Мне остается только планировать и наслаждаться легкостью перескакивания из одного города в другой. И вот очередной взлет – столбы, провода, огороды, автомагистрали, бесконечная пшеница и ячмень. Куда ни взглянешь, кругом леса и болота. И днем и ночью одно и тоже – свежий эфир и попутный шквалистый ветер.

 Прилично намотав круги по радиусам, диаметрам и перпендикулярам, я захотел  устремиться вниз и еще раз испытать все то, что так недавно ненавидел. Но земля меня не принимала: леса горели, реки вышли из берегов, люди стреляли друг в друга, и не было места для приземления. Оставалось только находиться в подвешенном состоянии между землей и небом. Но это хуже чем голод, хуже чем боль и лишения. Где я, и кто я такой? То ли большая птица без гнезда и животных инстинктов, то ли летающий гомосапиенс без принципов, морали и центра тяжести. В тот момент я не смог себе ответить на этот вопрос, так как был лишен побуждения к анализу и самобичеванию. Но какая-то неведомая сила направляла меня вверх.

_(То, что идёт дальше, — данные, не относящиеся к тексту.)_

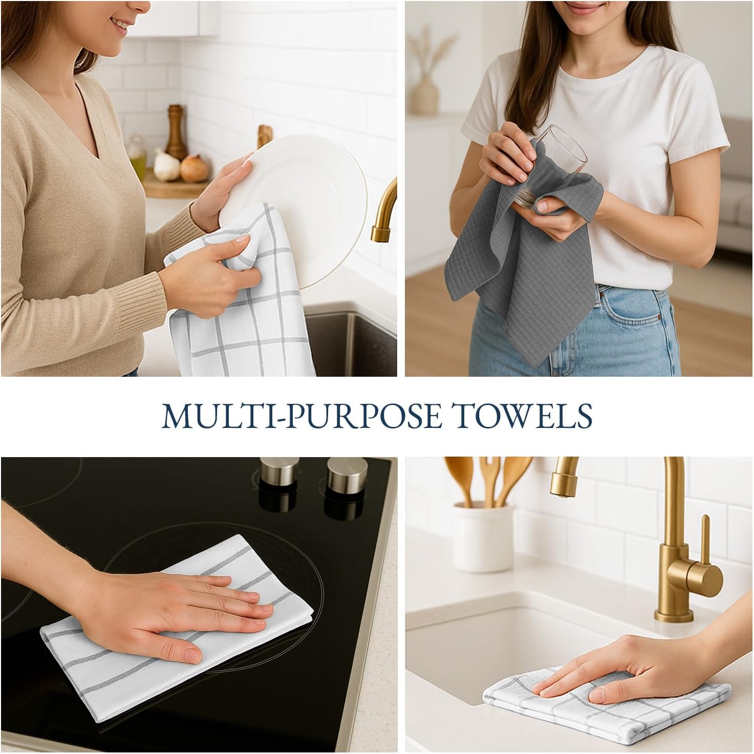 LANE LINEN Cotton Kitchen Towels and Dish Cloths Set, 6-Pack – Absorbent, Quick-Drying Dish Towel, 18" x 28", Soft, Premium Hand and Tea Towels - Grey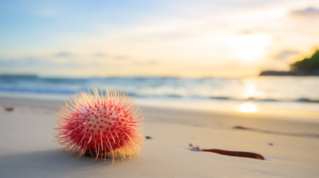 a purple spiky seashell rests on the beach, showcasing a vibrant blend of light red and light cyan colors. this photograph captures the essence of traditional japanese artistic techniques, combined with the beauty of australian landscapes. the exotic atmosphere is enhanced by the soft hues of light red and pink, creating a bokeh panorama that complements the explosive wildlife. ai generated

И я, обогнув грозовое облако полное свечений и ужасов, устремился в противоположную сторону от земли.

Впереди маячили пустота и вера…


Сон 2


«Случай на перроне»


Небывалый случай произошел со мной. Я был проездом в Каунасе. Пока ждал поезда на перроне, ко мне подошел странный человек в желтых носках и зеленом цилиндрическом капюшоне на голове. Представился Даниэлем Храмсом. Он сказал: «Чтобы стать настоящим писателем, нужно писать двадцать семь рассказов в месяц». Затем размахнулся и ударил меня пустым пакетом по голове. Пока я осознавал происшедшее, он лягнул меня в живот и, не давая опомнится, харкнул мне в спину, после чего молниеносно спрыгнул с перрона и спрятался за рельсами.

 Он лежал там так долго, пока я сам не спрыгнул вниз, чтобы попросить его подняться. Когда подошел к нему, то вместо человека, лежащего плашмя вдоль железнодорожного полотна, я обнаружил простую доску. И в тот момент, когда стал ее поднимать – понял, что через меня проносится поезд. Но я стоял вполне счастливый, вбирая в себя шестьсот тридцать семь вагонов товарного состава.

Неожиданно пришло понимание, что сегодня будет удачный день.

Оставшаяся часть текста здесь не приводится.